INFORMATION |
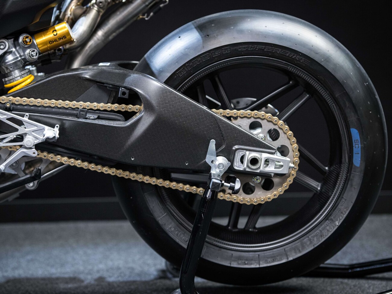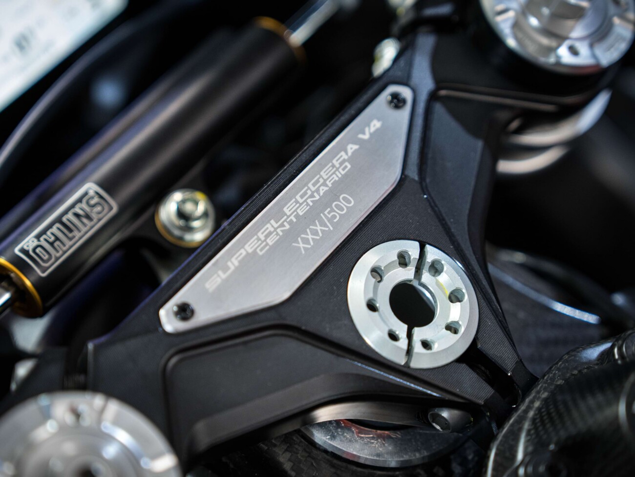 Die Ducati Superleggera V4 Centenario ist ein Motorrad, bei der jedes einzelne Bauteil als Solist glänzt, um im großen Ganzen eine mechanische Oper zu inszenieren. Es ist die italienische Hingabe zur »schönen Zutat«, die hier ihren Zenit findet, eine Liebe zum Detail, die über das Vernünftige hinausgeht – und die trotz dieser extremen Leistungswerte vollständig homologiert und für die Straße zugelassen ist.
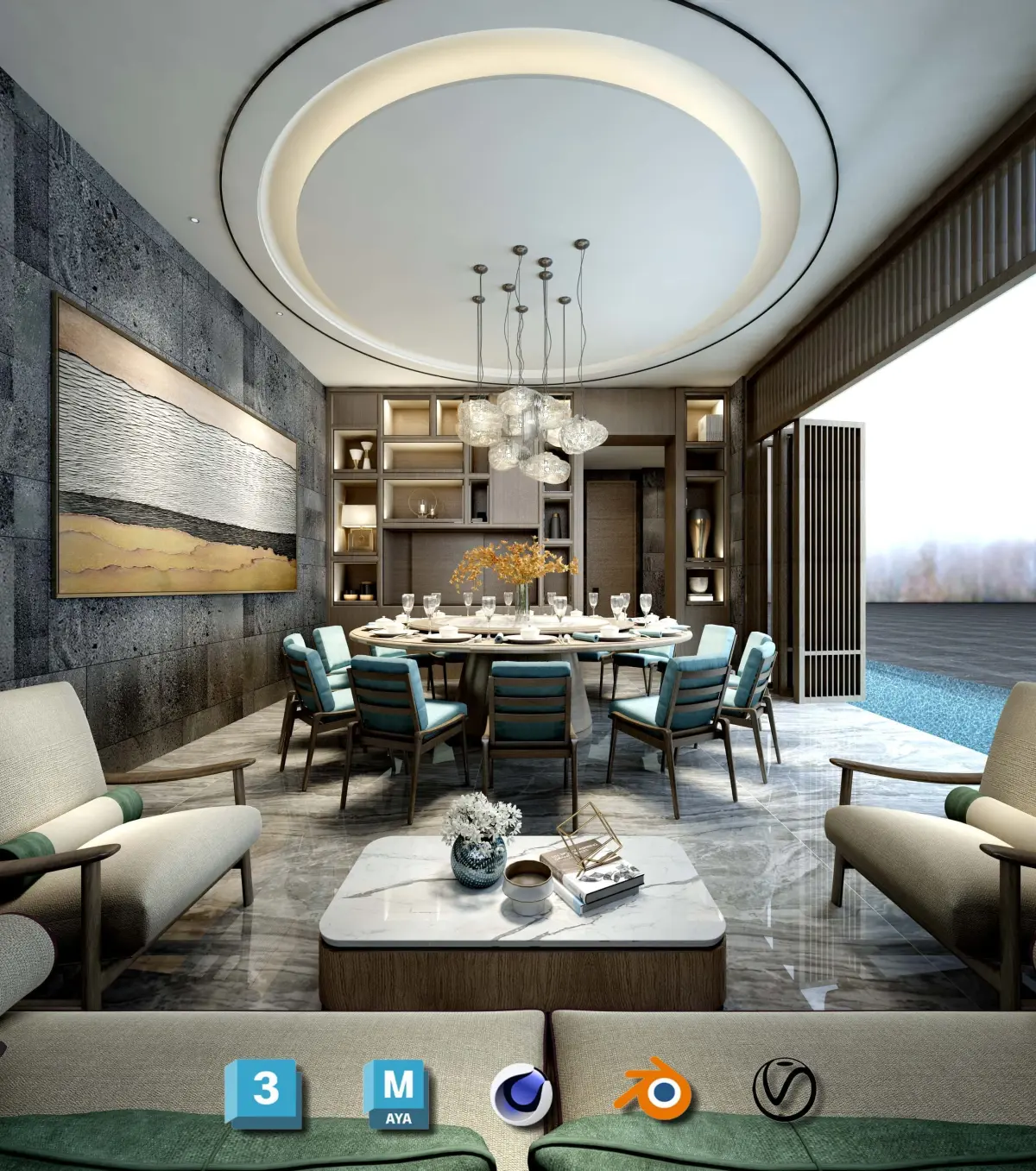 Ultimate VIP Restaurant Lounge - Complete 3D Interior Set (High-End Furniture, Decor & Lighting)
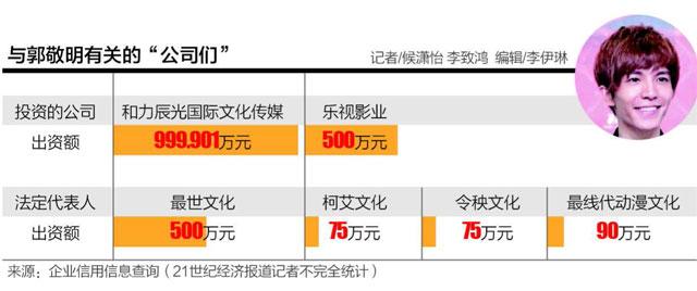 21世纪经济报道记者通过工商企业信息查询得知,郭敬明目前应该起码为5家公司法定代表人,同时还是3家公司的股东。加上版权、代言、票房收入,几年前就曝出郭敬明身家超过7亿,而他的商业版图还在扩大。从郭敬明目前公开的投融资动向看,扩张野心集中在影视文化领域。
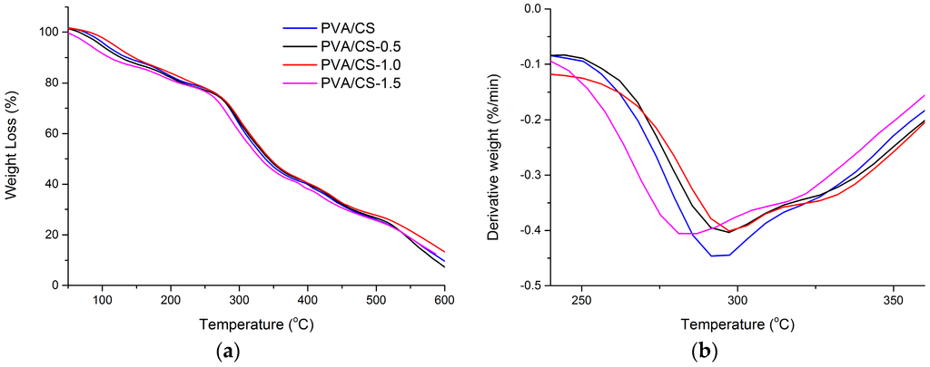 Figure 3a,b shows the TGA and DTG curves of PVA/CS blended films with different weight compositions. Table 1 gives the summary for Figure 3 in thermal parameters including Tonset and Tmax. It was investigated that the first weight loss appeared at about 100 °C due to the evaporation of absorbed water moisture and residual acetic acid [37]. PVA/CS = 0/100 film showed the highest weight loss, which is around 11.68%. Meanwhile, PVA/CS = 100/0 film showed the lowest loss in weight, which is only about 1.15%. Thus, it was suggested that their water-holding capacity are different in such a way that PVA/CS = 0/100 has the highest bound water content while PVA/CS = 100/0 has the lowest bound water content [38]. At 200–300 °C, a major weight loss in the bio-nanocomposite films was attributed to rapid decomposition of polymer segments of PVA and CS due to the thermal scission of the polymer backbone [8,30]. The third weight loss happened at 380–500 °C. This is caused by the degradation of the byproducts generated by PVA during its thermal degradation [8]. Generally, assuming no interaction exists between two polymers—which have different Tonset and, thus, the thermogram of the blends would show its thermal degradation in two different stages. However, from Figure 3, it was observed that each of the PVA/CS films show only one Tonset as shown on their thermograms. This indicates the presence of hydrogen bonding interactions between PVA and CS in each blend [39]. In addition, it can be noted that Tonset and Tmax of the blends change slightly with the different weight composition. However, the Tonset and Tmax of the blends lie between pure CS and pure PVA. These results deduced that these two polymers are well blended together [39]. From the results of the tensile test and TGA, it was observed that the thermal stability of the PVA/CS films increased with the decrease of tensile strength and increased elongation at break. Thus, it can be concluded that the tensile properties are correlated to the thermal stability of the PVA/CS composite films.
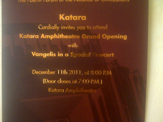 Vangelis, who has remained seated throughout the concert in the top tapping their keyboards, accepted the invitation of the state to prospect and Katara Foundation of conceiving, designing, conducting and composing music for the event, which also opened the amphitheater.
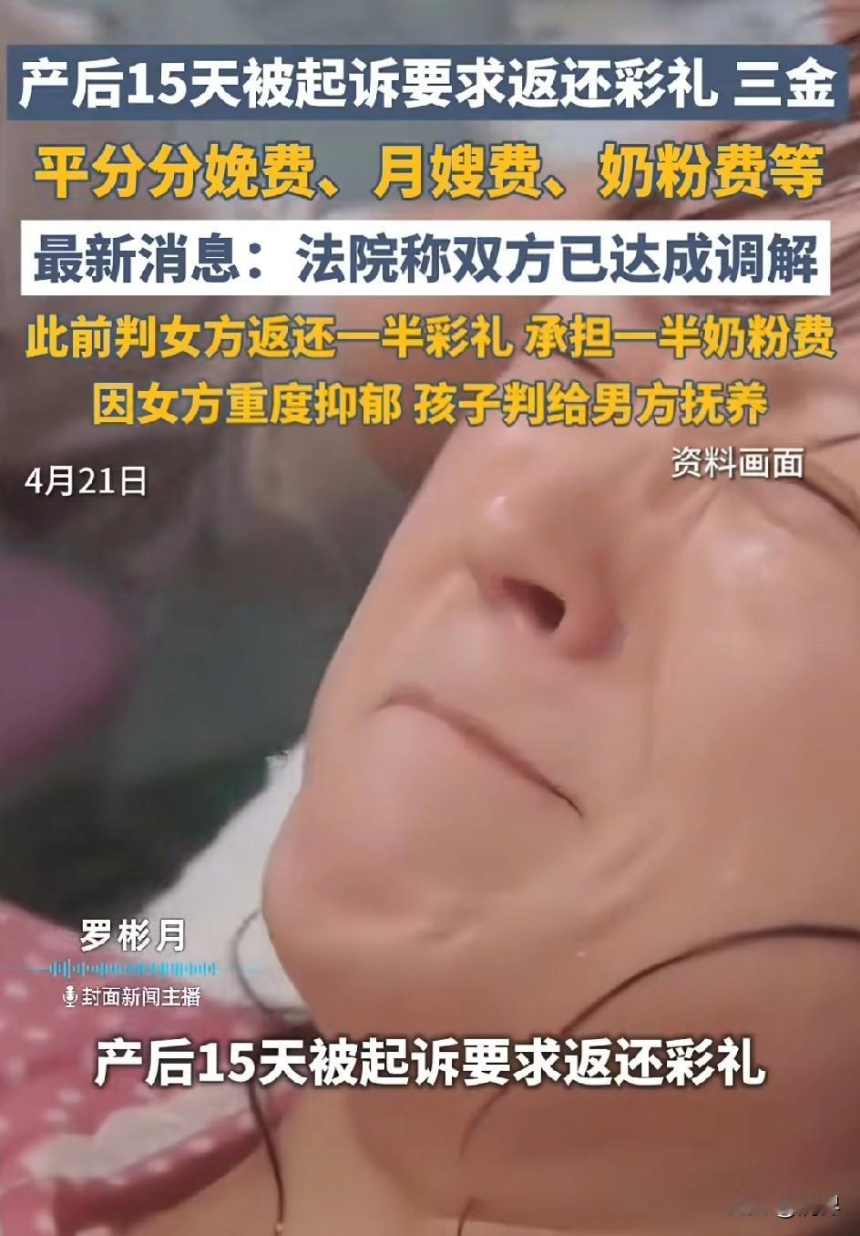 安徽这位姑娘,与男友办了婚礼还没领证,剖腹产后才15天,伤口都还没恢复,身子虚得连下床都费劲。结果呢?那个曾经口口声声说爱她的男人,一纸诉状把她告上法庭,要求她退还6万6的彩礼,以及2万多的三金,甚至连她剖腹产的手术费、请月嫂的钱,都要她平摊一半!
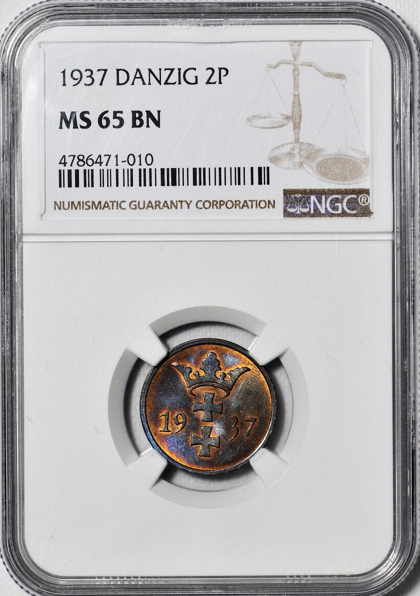 WMG, 2 fenigi 1937, mennicze, kolor BN
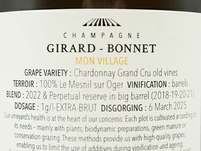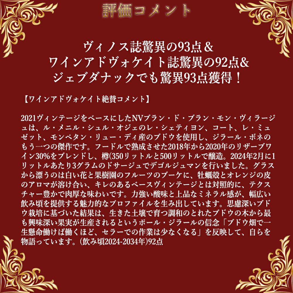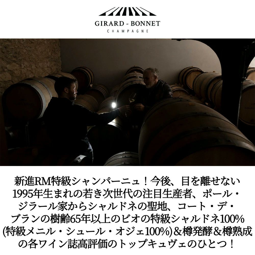 他の画像を見る ジラール ボネ シャンパーニュ シャルドネ GC特級 モン ヴィラージュ VV NV (2022年主体) RM 生産者元詰 (ポール ジラール家)Girard Bonnet Champagne Blanc de Blancs Extra 白ワイン シャンパン フランス 辛口 当店特別価格 ¥ 11,096 税込 カートに入れる お気に入りに登録する
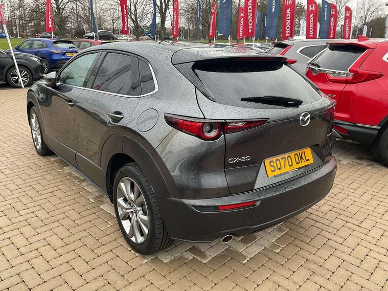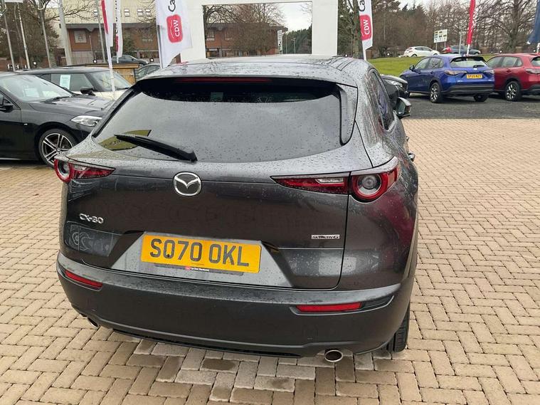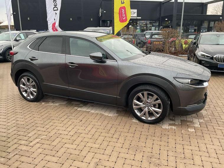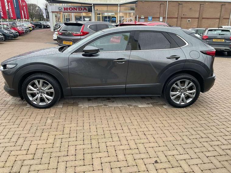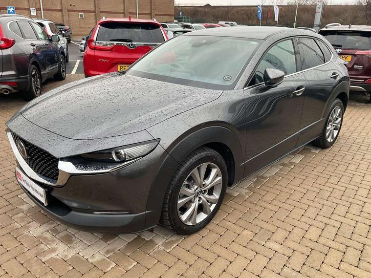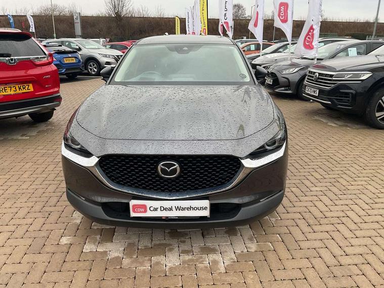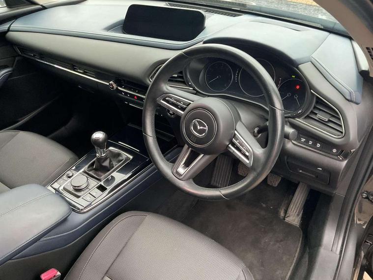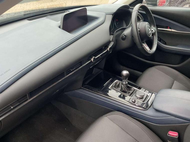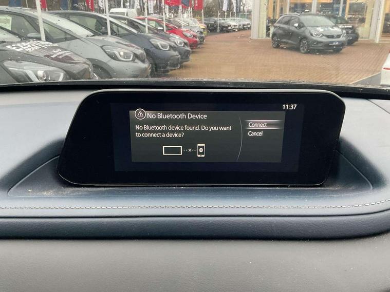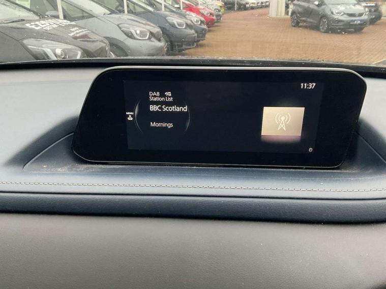 7" TFT Colour driver instrument panel display, 8.8" Colour centre touch screen display with Mazda Connect infotainment, Adaptive cruise control (Mazda radar cruise control) features stop and go, Apple car play/Android Auto, Blind spot monitoring with rear cross traffic alert, Driver attention alert system, E-call with GPS, Emergency stop signalling system, Engine start/stop button, Front and rear parking sensors, Integrated bluetooth, Integrated Mazda navigation system, Intelligent speed assist, Lane keep assist system (LAS) with Lane departure warning system (LDWS), PAS, Power lift gate, Reversing camera, Service indicator, Trip computer, Window projected colour active driving display (head up display) with traffic sign recognition, Cylinder Deactivation, i-stop, 2 USB charging ports, AM / FM / DAB radio with 8 speakers, CD player, Multimedia Commander including separate volume dial, Steering wheel mounted audio/bluetooth controls, Adaptive LED Headlights, Auto dimming driver's door mirror, B-pillar and C-pillar garnishes in gloss black finish, Body coloured, electrically adjustable, heated auto power folding door mirrors with integrated indicators, Coming/leaving home lighting function, Dual chrome exhaust, Dusk sensing headlights, Electric front/rear windows with one touch auto up/down, Frameless auto dimming interior rear view mirror, Front kodo turn signal, Gloss black front grille, Gloss black rear roof spoiler, High beam assist, LED headlamps with auto levelling, Privacy glass (rear side windows and rear screen), Rain sensing front wipers with adjustable speed and intermittent wipe, Rear fog lights, Rear wiper, Signature front LED daytime running lights, Signature LED rear combination lights with LED rear turn lights, 12V power outlet in centre console, 60/40 split fold down rear seats, Chrome horn pad ring, Cloth door panel inserts, Cloth upholstery with interior accents, Dashboard, door cards and front centre armrest in navy blue cloth, Driver and front passenger visors with covered vanity mirror and driver ticket holder, Driver seat manual slide, recline and height adjust, Driver, Front passenger and two rear grab handles with coathooks, Dual zone climate control air conditioning with rear air vents, Folding rear centre armrest with two cup holders, Front and rear (x3) head restraints, Front and rear door pockets, Front and rear LED lighting, Front armrest, Front centre storage with two cupholders, Front passengers seat manual slide, recline and height adjustment, Gear shift indicator, Glovebox illumination, Heated front seats with 3 stage setting, ISOFIX child seat anchorage points attached on outer rear seats, Leather wrapped gear shift knob, Leather wrapped steering wheel with telescopic and tilt adjustment, Luggage compartment light, Rear passenger seat map pockets, Roof mounted sunglasses holder, 3 point ELR front seat belts x2 with pretensioners, 3 point ELR rear seat belts, Anti-lock braking system (ABS), Driver/Front Passenger airbags, Drivers knee airbag, DSC - Dynamic Stability Control, Electronic parking brake with auto disengage function and auto hold function, Front and rear curtain airbags, Front passenger airbag cut-off switch, Front side airbags, Front smart city brake support, G-Vectoring control plus, Hill launch assist, Mild Hybrid system with regenerative braking, Seatbelt reminder for driver/front passenger and rear seats, Traction control system (TCS), Tyre pressure monitoring system (TPMS), Remote central locking with deadlocking and automatic door lock when driving, Smart keyless entry, Thatcham accredited alarm and immobiliser, 18" Silver metallic alloy wheels, Emergency tyre repair kit,

TASK ITEM |
Only the pictures are dropped. Otherwise, write out the listing exactly.

SOLUTION FOR THIS EXERCISE |
 Die Ducati Superleggera V4 Centenario ist ein Motorrad, bei der jedes einzelne Bauteil als Solist glänzt, um im großen Ganzen eine mechanische Oper zu inszenieren. Es ist die italienische Hingabe zur »schönen Zutat«, die hier ihren Zenit findet, eine Liebe zum Detail, die über das Vernünftige hinausgeht – und die trotz dieser extremen Leistungswerte vollständig homologiert und für die Straße zugelassen ist.
 Ultimate VIP Restaurant Lounge - Complete 3D Interior Set (High-End Furniture, Decor & Lighting)
 21世纪经济报道记者通过工商企业信息查询得知,郭敬明目前应该起码为5家公司法定代表人,同时还是3家公司的股东。加上版权、代言、票房收入,几年前就曝出郭敬明身家超过7亿,而他的商业版图还在扩大。从郭敬明目前公开的投融资动向看,扩张野心集中在影视文化领域。
 Figure 3a,b shows the TGA and DTG curves of PVA/CS blended films with different weight compositions. Table 1 gives the summary for Figure 3 in thermal parameters including Tonset and Tmax. It was investigated that the first weight loss appeared at about 100 °C due to the evaporation of absorbed water moisture and residual acetic acid [37]. PVA/CS = 0/100 film showed the highest weight loss, which is around 11.68%. Meanwhile, PVA/CS = 100/0 film showed the lowest loss in weight, which is only about 1.15%. Thus, it was suggested that their water-holding capacity are different in such a way that PVA/CS = 0/100 has the highest bound water content while PVA/CS = 100/0 has the lowest bound water content [38]. At 200–300 °C, a major weight loss in the bio-nanocomposite films was attributed to rapid decomposition of polymer segments of PVA and CS due to the thermal scission of the polymer backbone [8,30]. The third weight loss happened at 380–500 °C. This is caused by the degradation of the byproducts generated by PVA during its thermal degradation [8]. Generally, assuming no interaction exists between two polymers—which have different Tonset and, thus, the thermogram of the blends would show its thermal degradation in two different stages. However, from Figure 3, it was observed that each of the PVA/CS films show only one Tonset as shown on their thermograms. This indicates the presence of hydrogen bonding interactions between PVA and CS in each blend [39]. In addition, it can be noted that Tonset and Tmax of the blends change slightly with the different weight composition. However, the Tonset and Tmax of the blends lie between pure CS and pure PVA. These results deduced that these two polymers are well blended together [39]. From the results of the tensile test and TGA, it was observed that the thermal stability of the PVA/CS films increased with the decrease of tensile strength and increased elongation at break. Thus, it can be concluded that the tensile properties are correlated to the thermal stability of the PVA/CS composite films.
 Vangelis, who has remained seated throughout the concert in the top tapping their keyboards, accepted the invitation of the state to prospect and Katara Foundation of conceiving, designing, conducting and composing music for the event, which also opened the amphitheater.
 安徽这位姑娘,与男友办了婚礼还没领证,剖腹产后才15天,伤口都还没恢复,身子虚得连下床都费劲。结果呢?那个曾经口口声声说爱她的男人,一纸诉状把她告上法庭,要求她退还6万6的彩礼,以及2万多的三金,甚至连她剖腹产的手术费、请月嫂的钱,都要她平摊一半!
 WMG, 2 fenigi 1937, mennicze, kolor BN
 他の画像を見る ジラール ボネ シャンパーニュ シャルドネ GC特級 モン ヴィラージュ VV NV (2022年主体) RM 生産者元詰 (ポール ジラール家)Girard Bonnet Champagne Blanc de Blancs Extra 白ワイン シャンパン フランス 辛口 当店特別価格 ¥ 11,096 税込 カートに入れる お気に入りに登録する
 7" TFT Colour driver instrument panel display, 8.8" Colour centre touch screen display with Mazda Connect infotainment, Adaptive cruise control (Mazda radar cruise control) features stop and go, Apple car play/Android Auto, Blind spot monitoring with rear cross traffic alert, Driver attention alert system, E-call with GPS, Emergency stop signalling system, Engine start/stop button, Front and rear parking sensors, Integrated bluetooth, Integrated Mazda navigation system, Intelligent speed assist, Lane keep assist system (LAS) with Lane departure warning system (LDWS), PAS, Power lift gate, Reversing camera, Service indicator, Trip computer, Window projected colour active driving display (head up display) with traffic sign recognition, Cylinder Deactivation, i-stop, 2 USB charging ports, AM / FM / DAB radio with 8 speakers, CD player, Multimedia Commander including separate volume dial, Steering wheel mounted audio/bluetooth controls, Adaptive LED Headlights, Auto dimming driver's door mirror, B-pillar and C-pillar garnishes in gloss black finish, Body coloured, electrically adjustable, heated auto power folding door mirrors with integrated indicators, Coming/leaving home lighting function, Dual chrome exhaust, Dusk sensing headlights, Electric front/rear windows with one touch auto up/down, Frameless auto dimming interior rear view mirror, Front kodo turn signal, Gloss black front grille, Gloss black rear roof spoiler, High beam assist, LED headlamps with auto levelling, Privacy glass (rear side windows and rear screen), Rain sensing front wipers with adjustable speed and intermittent wipe, Rear fog lights, Rear wiper, Signature front LED daytime running lights, Signature LED rear combination lights with LED rear turn lights, 12V power outlet in centre console, 60/40 split fold down rear seats, Chrome horn pad ring, Cloth door panel inserts, Cloth upholstery with interior accents, Dashboard, door cards and front centre armrest in navy blue cloth, Driver and front passenger visors with covered vanity mirror and driver ticket holder, Driver seat manual slide, recline and height adjust, Driver, Front passenger and two rear grab handles with coathooks, Dual zone climate control air conditioning with rear air vents, Folding rear centre armrest with two cup holders, Front and rear (x3) head restraints, Front and rear door pockets, Front and rear LED lighting, Front armrest, Front centre storage with two cupholders, Front passengers seat manual slide, recline and height adjustment, Gear shift indicator, Glovebox illumination, Heated front seats with 3 stage setting, ISOFIX child seat anchorage points attached on outer rear seats, Leather wrapped gear shift knob, Leather wrapped steering wheel with telescopic and tilt adjustment, Luggage compartment light, Rear passenger seat map pockets, Roof mounted sunglasses holder, 3 point ELR front seat belts x2 with pretensioners, 3 point ELR rear seat belts, Anti-lock braking system (ABS), Driver/Front Passenger airbags, Drivers knee airbag, DSC - Dynamic Stability Control, Electronic parking brake with auto disengage function and auto hold function, Front and rear curtain airbags, Front passenger airbag cut-off switch, Front side airbags, Front smart city brake support, G-Vectoring control plus, Hill launch assist, Mild Hybrid system with regenerative braking, Seatbelt reminder for driver/front passenger and rear seats, Traction control system (TCS), Tyre pressure monitoring system (TPMS), Remote central locking with deadlocking and automatic door lock when driving, Smart keyless entry, Thatcham accredited alarm and immobiliser, 18" Silver metallic alloy wheels, Emergency tyre repair kit,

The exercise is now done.